Combining the sensor data

The simulation is run by passing the grid, medium, source, and sensor inputs to kspaceFirstOrder2D. The returned sensor_data contains the time-varying pressure field at each grid point that formed part of the sensor mask (the sensor mask is shown in the figure above). This data is ordered following MATLAB's column-wise linear indexing. When using an array transducer, an additional step must be performed to combine this data to give the time-varying pressure field recorded by each physical transducer element. This is performed using the combineSensorData method of the kWaveArray class.

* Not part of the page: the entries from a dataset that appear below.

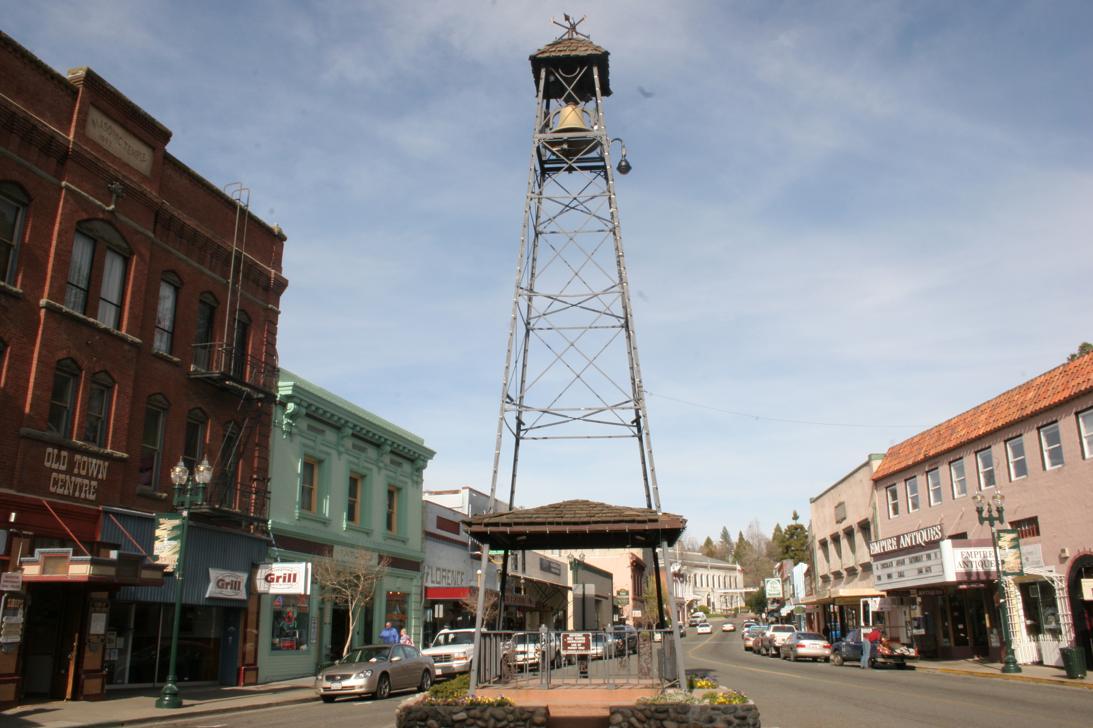 Bell in the middle of Placerville, California.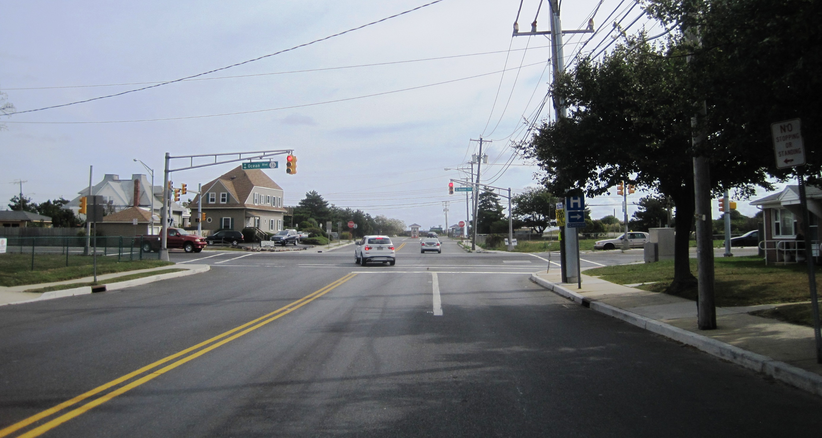 Photo showing East Long Branch, New Jersey, an unincorporated community within Long Branch. Photo taken along eastbound Joline Avneue (New Jersey Route 36) at Ocean Boulevard (Route 36 to the left).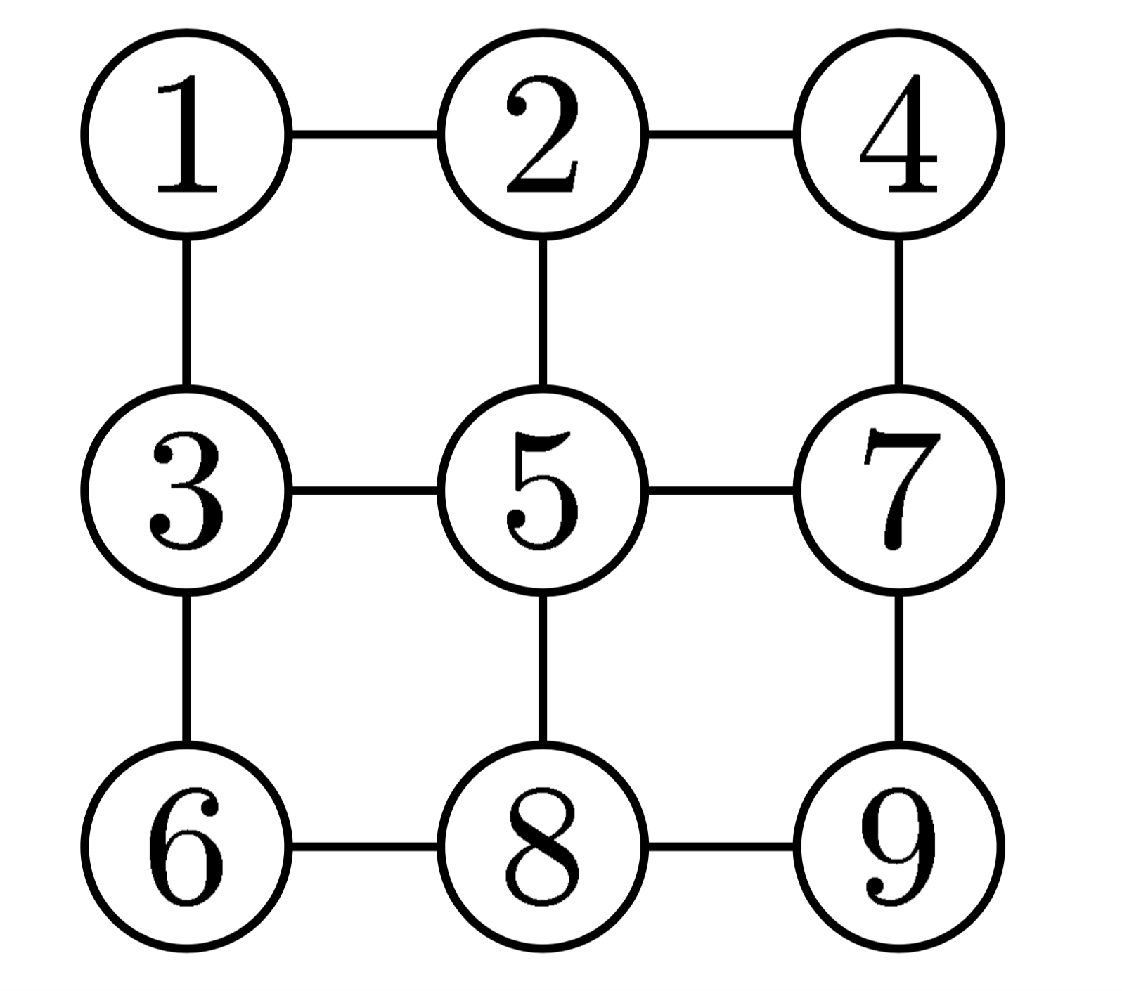 A three by three grid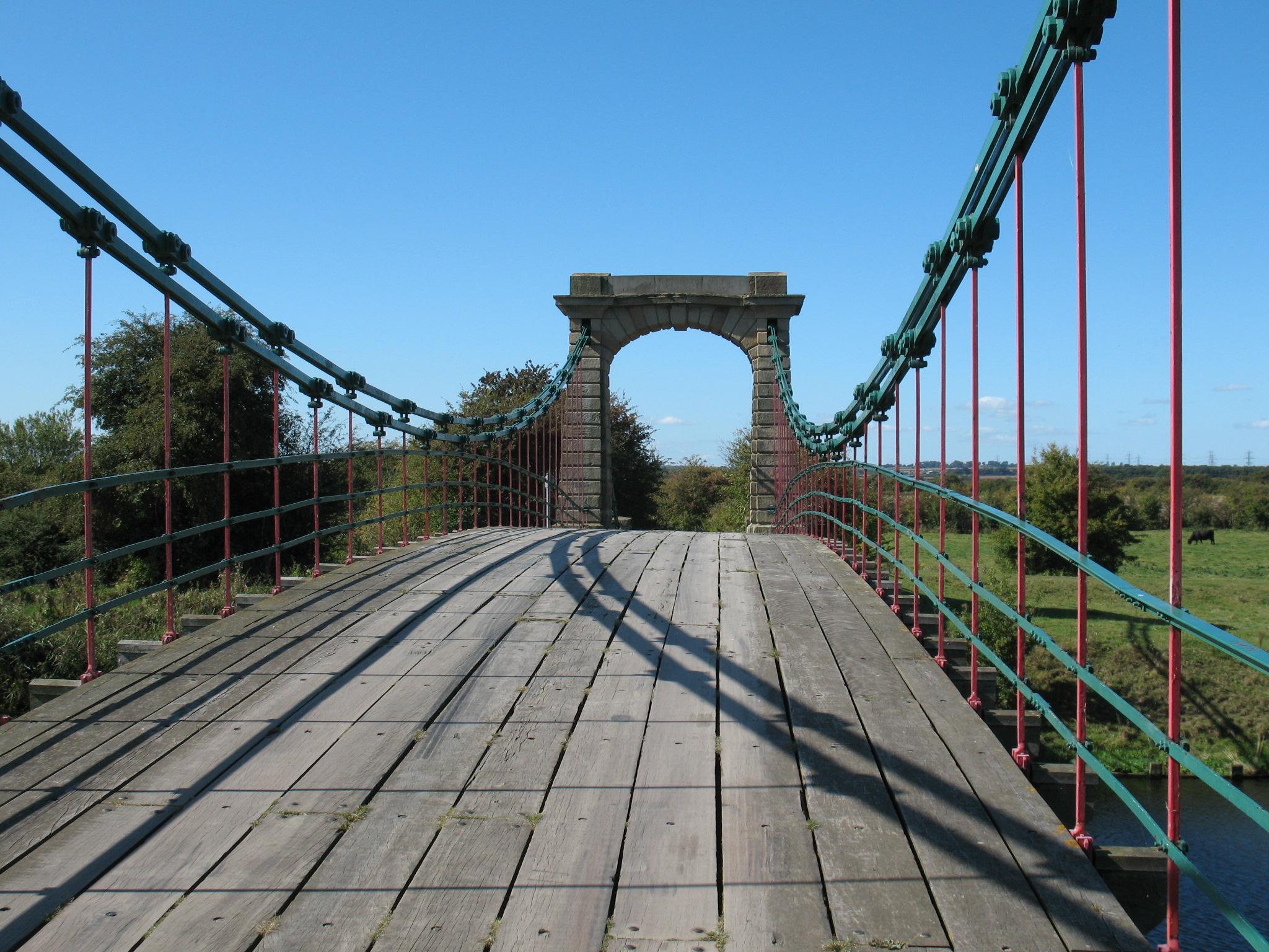 Deck and western arch of Horkstow Bridge over the River Ancholme in North Lincolnshire, England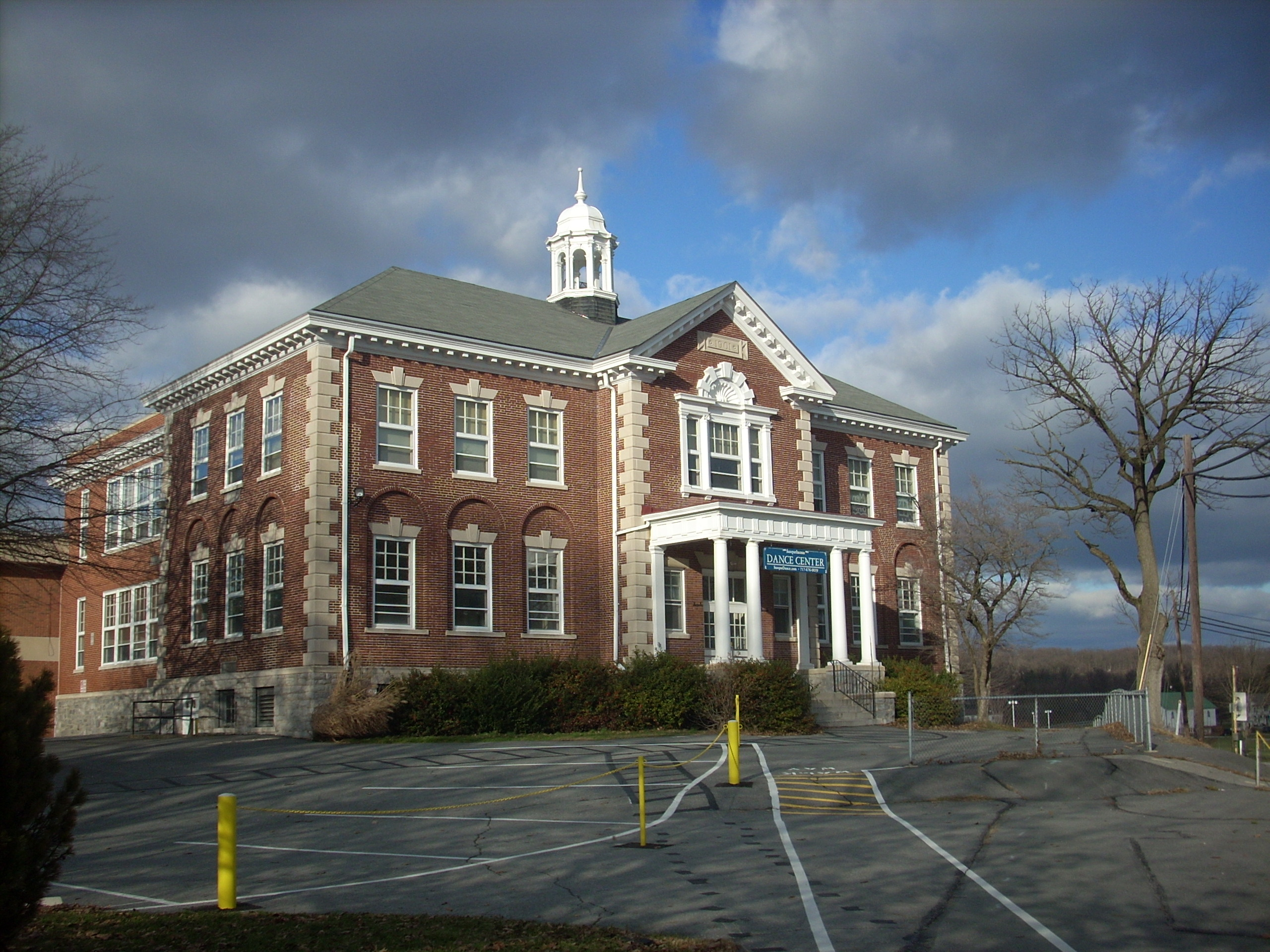 This is just the front of the building. It is on College Avenue which leads me to guess that it was once a college building. It clearly later evolved into a high school. Now it is a community center, library, and dance studio among other uses

% combine data to give one trace per physical array element
combined_sensor_data = karray.combineSensorData(kgrid, sensor_data);

In this example, the simulation is run twice. Once with a regular Cartesian sensor mask with point detectors placed at the center of each arc, and once using the array of arc detectors. The recorded sensor data from both simulations is shown below, along with the signal from the first element. The arc-shaped detectors are more directional, so have a lower response for waves that reach the array elements at steep angles.